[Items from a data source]
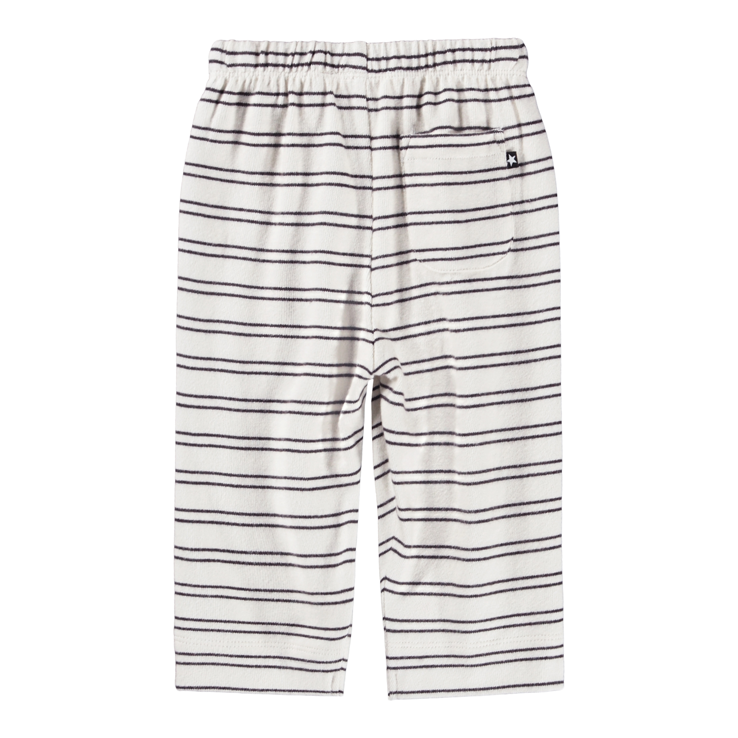 Röndóttar, mjúkar Molo buxur. Buxurnar eru bundnar í mittið. 100% bómull.
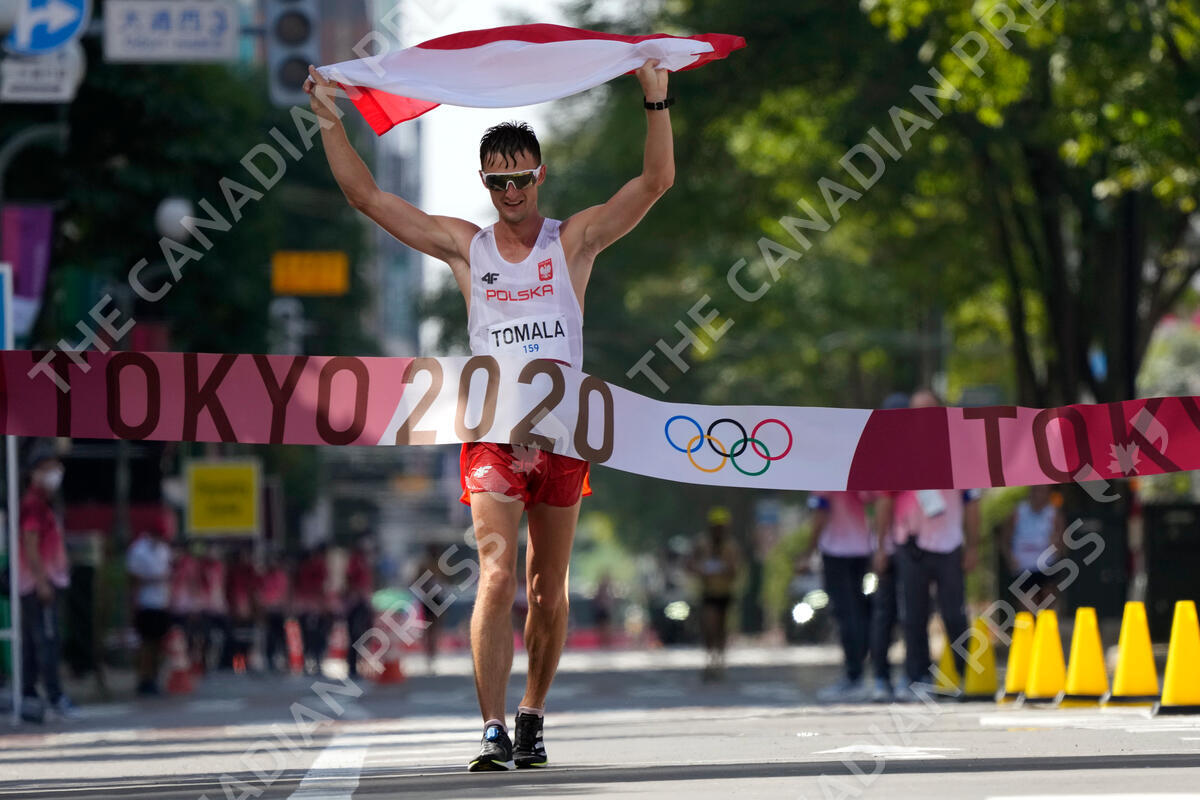 Dawid Tomala, of Poland, celebrates after placing first in the men's 50km race walk at the 2020 Summer Olympics, Friday, Aug. 6, 2021, in Sapporo, Japan. (AP Photo/Shuji Kajiyama)
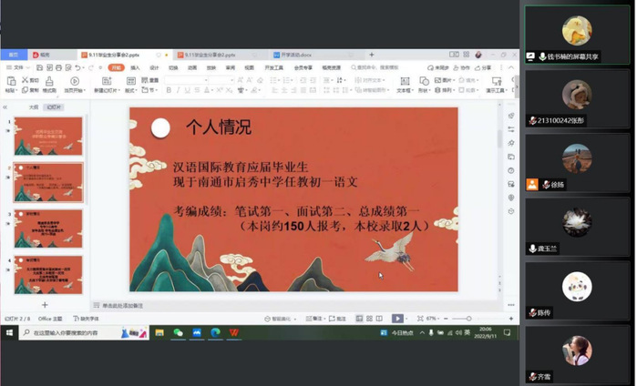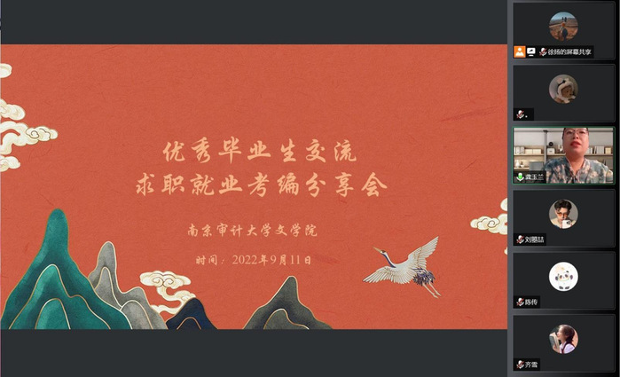 2022年9月11日晚,福利吧 举行优秀毕业生求职经验线上分享会,对学生就业规划进行交流指导。福利吧 党总支书记王军、汉语言文学专业系主任刘成荣、汉语国际教育专业系主任颜明、毕业班班主任刘依和张齐等几位老师参加座谈会,与同学们一起交流。优秀毕业生刘曌喆、陈传、钱书楠和齐雪等几位同学分享了各自的求职与考编经验,让同学们收益匪浅。会议由福利吧 党总支副书记龚玉兰老师主持。
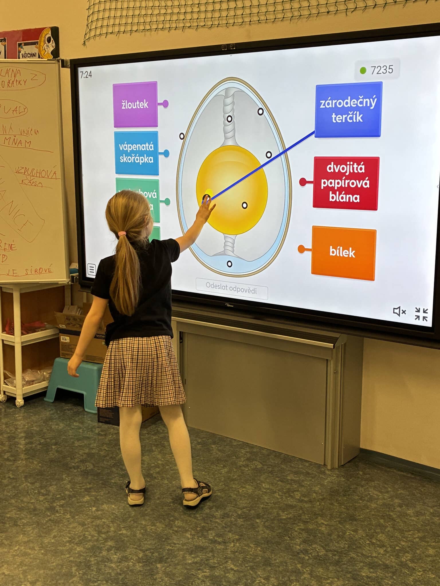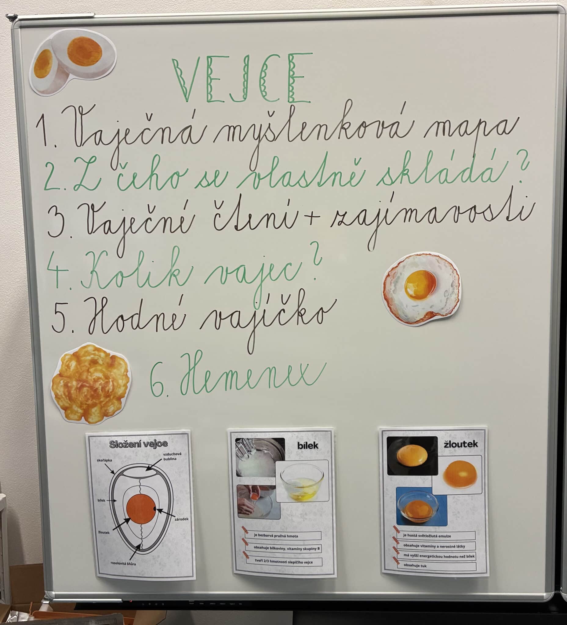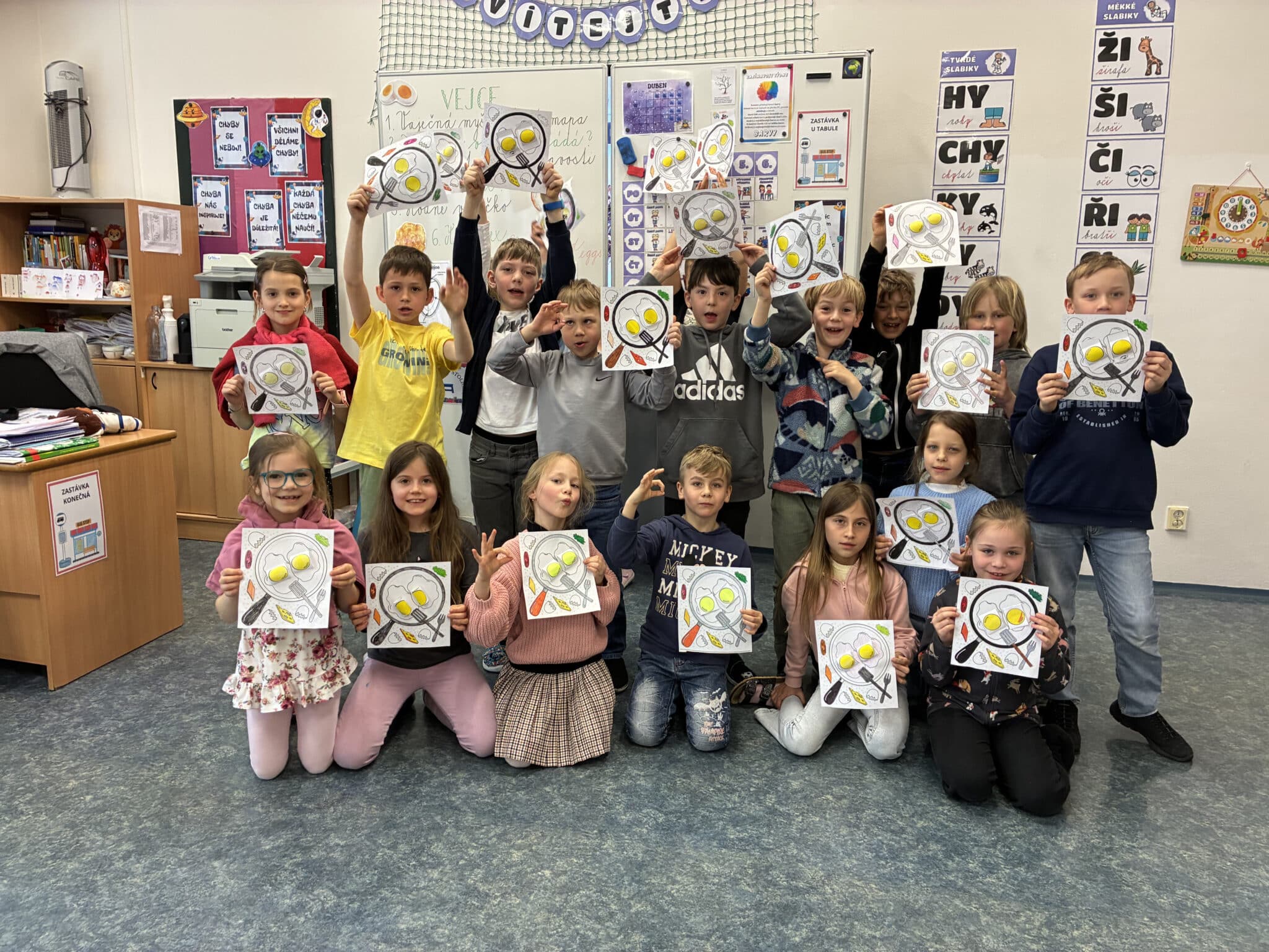 Děti ze 2. E Masarykovy ZŠ v Újezdě nad Lesy si užily dopoledne ve znamení vajíčka 🥚. Společně si vytvořily myšlenkovou mapu, třídily obrázky živočichů a podrobněji se věnovaly těm, kteří se líhnou z vajec. Zkoumaly stavbu vejce, pozorovaly ho pod mikroskopem a objevovaly zajímavosti o jeho barvách i vlastnostech. Velký úspěch mělo zejména žraločí vejce.
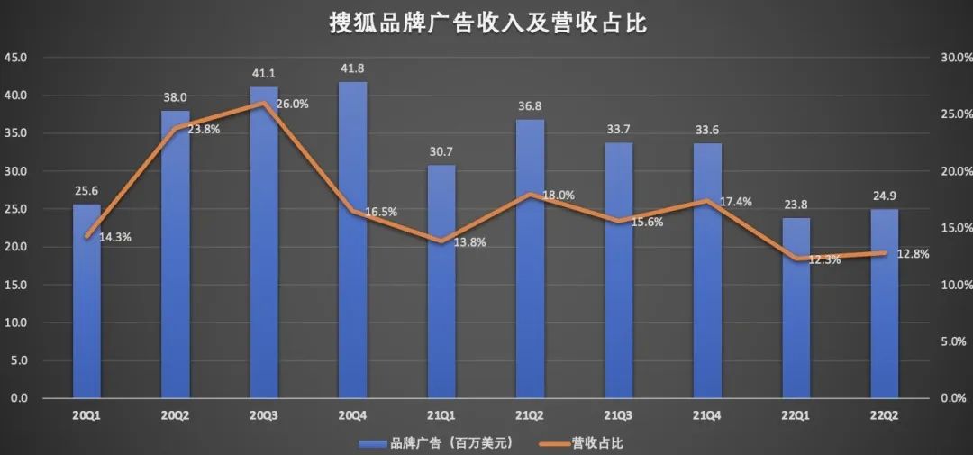 财报显示,2022年第二季度,搜狐品牌广告收入2500万美元,同比减少32%,该项收入已连续五个季度同比减少。报告期内,品牌广告收入在总收入中的占比为12.8%,低于上年同期的18%。搜狐广告业务下滑与经济疲软有直接关系。事实上,国内百度、腾讯等各大互联网公司的广告业务均受到不同程度地影响。
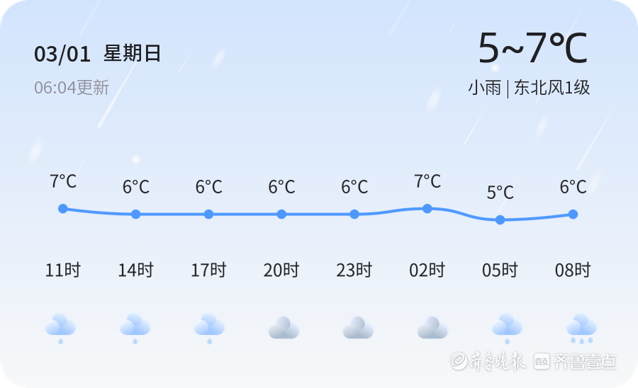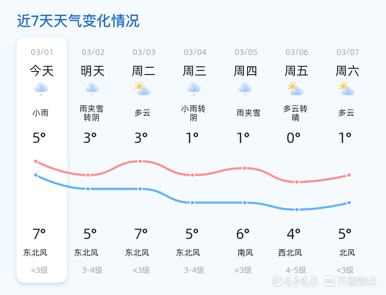 今日是2026年3月1日,农历正月十三,威海市迎来小雨天气。气温在5℃至7℃之间,东北风1级,空气湿度达到100%。各区普遍出现小雨,市民出行需携带雨具,注意交通安全。PM2.5指数为109,建议敏感人群减少外出,做好防护措施。明日天气与今日相比将有所变化,预计明日为雨夹雪转阴,气温将降至3℃至5℃,东北风风力增大至3-4级。市民需关注天气变化,及时增添衣物,防范道路湿滑带来的出行风险。未来三天,威海市天气将呈现多变趋势。周三可能出现小雨转阴,气温维持在1℃至5℃,东北风3-4级。周四雨夹雪天气,气温1℃至6℃,南风风力较小。周五多云转晴,气温0℃至4℃,西北风4-5级。市民需关注天气预报,提前做好出行和生活安排,特别是防范大风和降温带来的影响。温馨提示
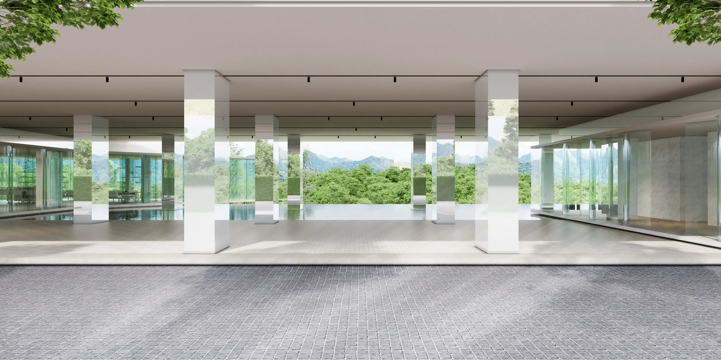 Hệ ô văng được bổ sung như một lớp trung gian điều tiết khí hậu, giúp che chắn bức xạ mặt trời mà vẫn đảm bảo tầm nhìn và sự thông thoáng cho từng phòng nghỉ. Yếu tố mặt nước được lồng ghép xuyên suốt công trình, nơi các ô văng trở thành những mặt hồ cạn phản chiếu bầu trời, tạo nên sự đối thoại tự nhiên giữa kiến trúc và cảnh quan. Các hồ nước này vừa là thủ pháp thẩm mỹ, vừa đóng vai trò kỹ thuật trong việc giảm bức xạ nhiệt và làm mát không gian. Hình ảnh mặt nước gợn sóng phản chiếu, kết hợp với nhịp điệu của địa hình đồi núi, tạo ra sự cộng hưởng tinh tế, làm nổi bật đường cong tự nhiên của cảnh quan xung quanh.

### TASK TO COMPLETE
Take the line that contains "今日是2026年3月1日,农" and every line after it down to the last line of the entries above, and output them exactly, with nothing else and no pictures.

### RESPONSE TO THIS EXERCISE
 今日是2026年3月1日,农历正月十三,威海市迎来小雨天气。气温在5℃至7℃之间,东北风1级,空气湿度达到100%。各区普遍出现小雨,市民出行需携带雨具,注意交通安全。PM2.5指数为109,建议敏感人群减少外出,做好防护措施。明日天气与今日相比将有所变化,预计明日为雨夹雪转阴,气温将降至3℃至5℃,东北风风力增大至3-4级。市民需关注天气变化,及时增添衣物,防范道路湿滑带来的出行风险。未来三天,威海市天气将呈现多变趋势。周三可能出现小雨转阴,气温维持在1℃至5℃,东北风3-4级。周四雨夹雪天气,气温1℃至6℃,南风风力较小。周五多云转晴,气温0℃至4℃,西北风4-5级。市民需关注天气预报,提前做好出行和生活安排,特别是防范大风和降温带来的影响。温馨提示
 Hệ ô văng được bổ sung như một lớp trung gian điều tiết khí hậu, giúp che chắn bức xạ mặt trời mà vẫn đảm bảo tầm nhìn và sự thông thoáng cho từng phòng nghỉ. Yếu tố mặt nước được lồng ghép xuyên suốt công trình, nơi các ô văng trở thành những mặt hồ cạn phản chiếu bầu trời, tạo nên sự đối thoại tự nhiên giữa kiến trúc và cảnh quan. Các hồ nước này vừa là thủ pháp thẩm mỹ, vừa đóng vai trò kỹ thuật trong việc giảm bức xạ nhiệt và làm mát không gian. Hình ảnh mặt nước gợn sóng phản chiếu, kết hợp với nhịp điệu của địa hình đồi núi, tạo ra sự cộng hưởng tinh tế, làm nổi bật đường cong tự nhiên của cảnh quan xung quanh.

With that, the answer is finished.